According to Sodexho's general manager at General Mills, Robert Horrocks, sales were steady during the first two weeks of the 100% "healthy" vending program in May, and dropped off to 50% of average weekly sales for the final two weeks. There were, surprisingly, some pockets of buildings where sales stayed steady when merchandised with 100% "healthier" items.
"The most positive result of our initial phase of the 'healthy' program in May is that we gathered clear data on the types of healthier snacks customers preferred, and identified the highest sellers, instead of guessing," Horrocks told VT. "It also gave us valid insight on what happens when you take away all traditional snacks, and demonstrated what we already knew: that you have to provide traditional choices as well. Our customers made that clear."

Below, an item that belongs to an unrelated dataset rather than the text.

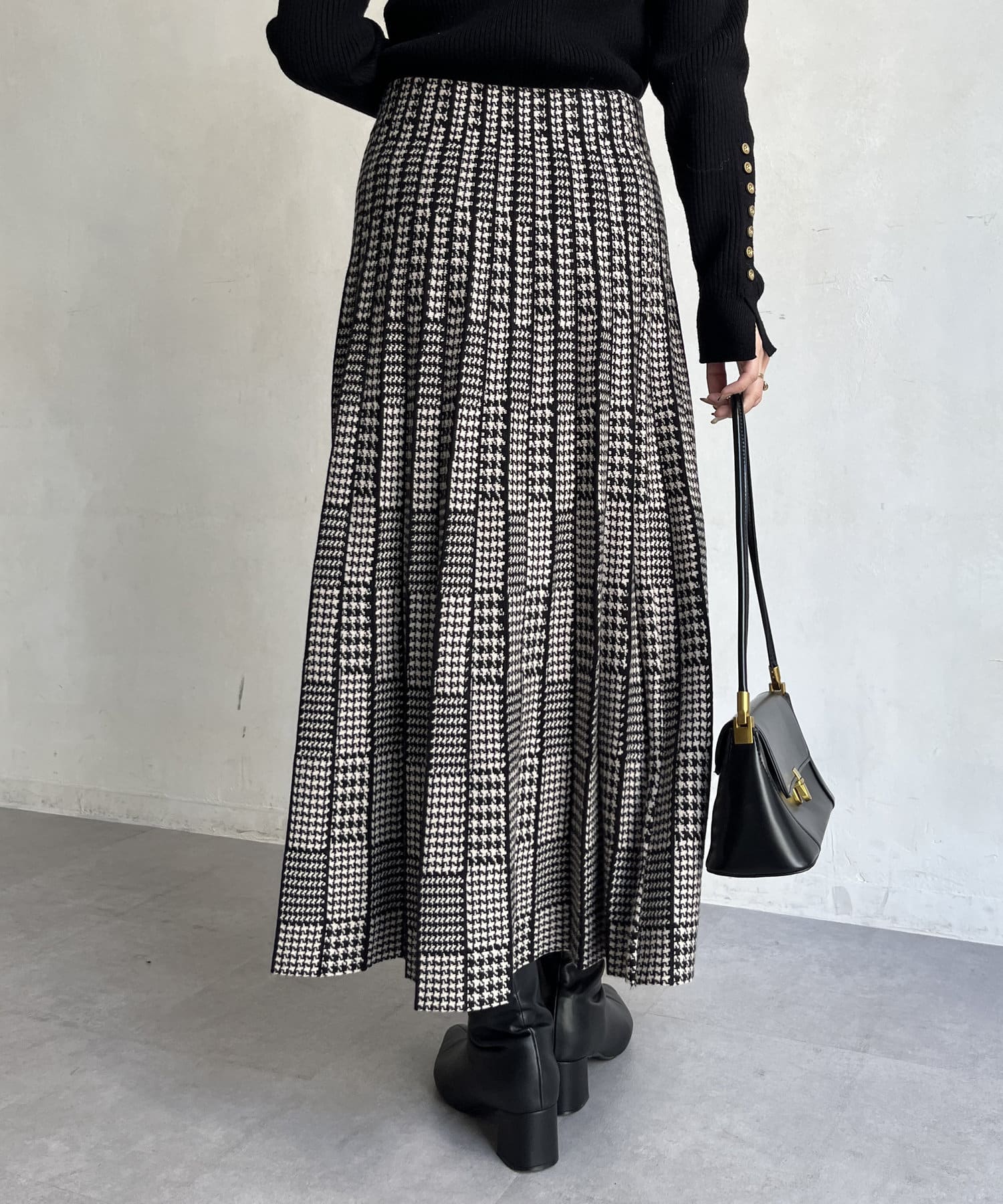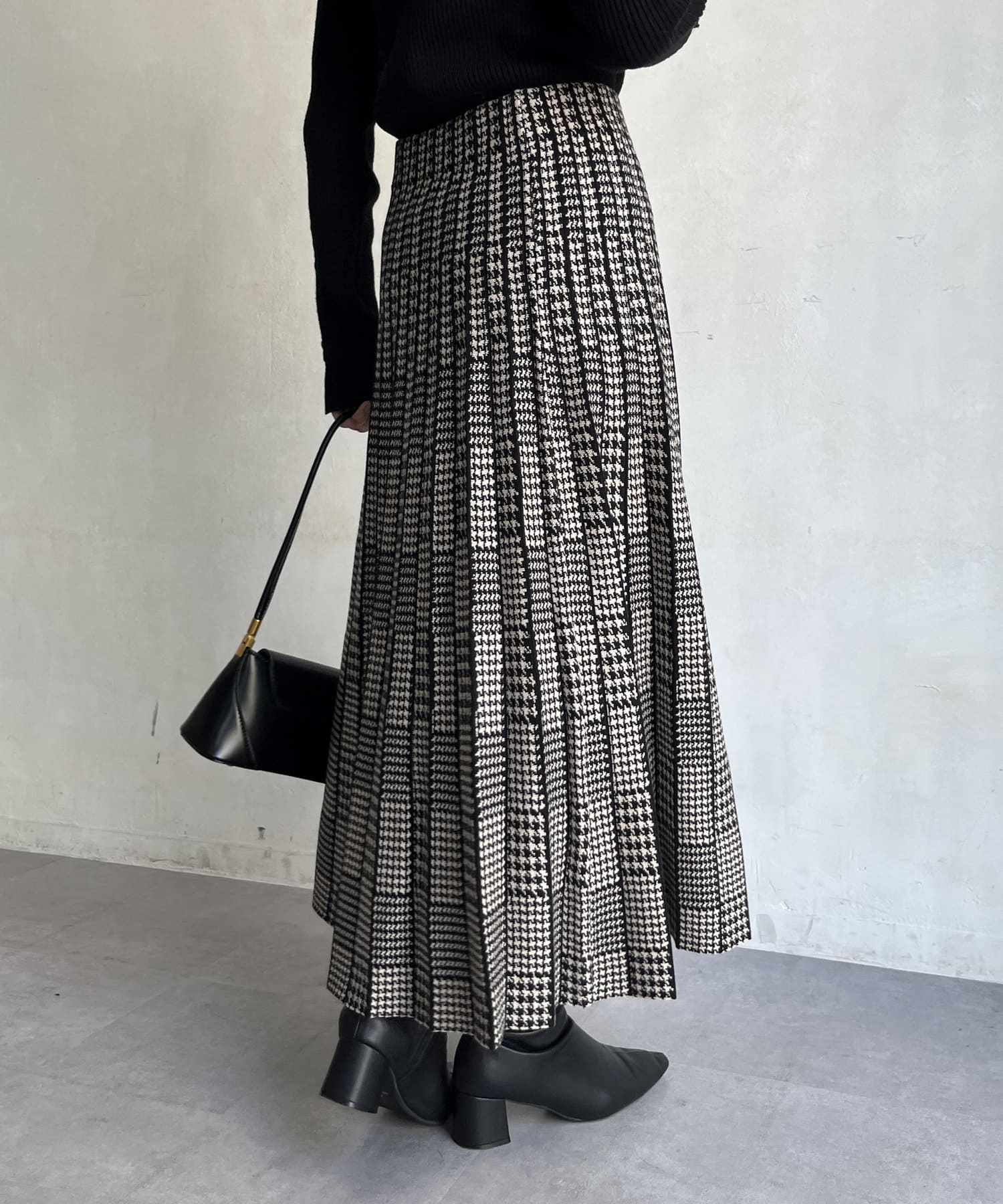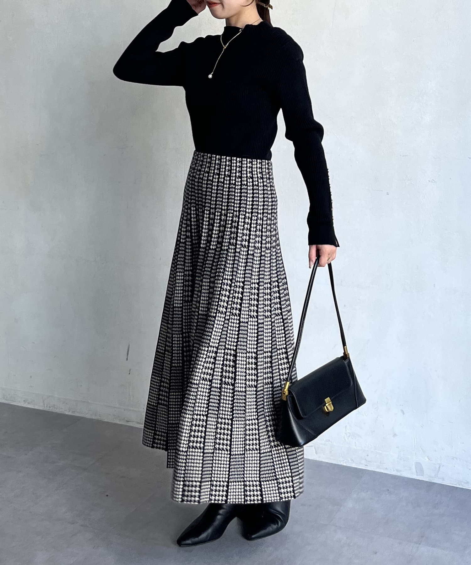 千鳥柄切替ニットプリーツスカート

The Sodexho general manager added that with 20% of snacks falling under the better-for-you criteria, machine sales have rebounded to the volume they were generating when stocked with only 12% "healthier" options. All machines are merchandised with the same planogram, with the exception of one vender in a common area that will continue to offer 100% health-focused snacks, alongside a beverage machine merchandised exclusively with non-carbonated drinks.
Banners on the vending machines throughout General Mills inform patrons that they feature "Your Health Your Way, On the Go" selections, and display icons and their definitions that indicate the health benefits of marked selections, such as low sodium or low fat.
The machine selling only snacks that fit Sodexho's "healthy" vending criteria also provides nutritional information on a placard that helps patrons make informed purchasing decisions based on their dietary concerns.
The "healthy" vending program on the General Mills corporate campus came about as an extension of its own "Wholesome Vending Program," initiated a year ago and inspired by changing consumer demands. An increasing number of vending operators were approaching General Mills in search of products that were not associated with negative health connotations.
General Mills responded with the "Wholesome Vending Program," which eliminates guesswork for operators endeavoring to determine which items are "healthy," and categorizes the company's vendible wholesome snack offerings by their health-related attributes, while providing detailed, easily identifiable nutritional information.
General Mills' Hillman cited a June 2004 study by Datassentials Healthy Profits indicating that a lack of options perceived as healthier is the number one reason that consumers eat less from vending machines, and that 44% of consumers view snacking as a healthy way to curb appetite. The study also showed that 28% of foodservice operators are "very/extremely likely" to begin offering "healthy" snack items in the next year.
"We noticed the trend that consumers were increasingly looking to eat better and live healthier, and vending is the most convenient way to attain a snack; it's at consumers' fingertips at work, at the gym, at a hospital," Hillman told VT. "So our objective was to help vending operators provide more variety for healthy diets in their machines, to help consumers eat better, live better and feel better."
General Mills offers vending operators a Wholesome Snack Choices guide that explains the easily-recognized symbols denoting items that are excellent or good sources of calcium, whole grains, or vitamin C, those that are cholesterol-free, and those that meet California's stringent SB 19 criteria as well as Texas school nutrition standards. The guide also offers a quick reference to select nutritional information on all of General Mills wholesome products.
General Mills' wholesome products include "Chex Mix," "Pop Secret Light" popcorn, "Nature Valley" granola bars in a variety of flavors, "Sunkist Fruit and Grain Bars," "Team Cheerios' and "Trix" whole grain cereal bars, "Cocoa Puffs" and "Honey Nut Cheerios" Milk 'n Cereal Bars, "Fruit Shapes" fruit snacks, "Big G Cereals," and "Yoplait" and "Colombo" yogurts.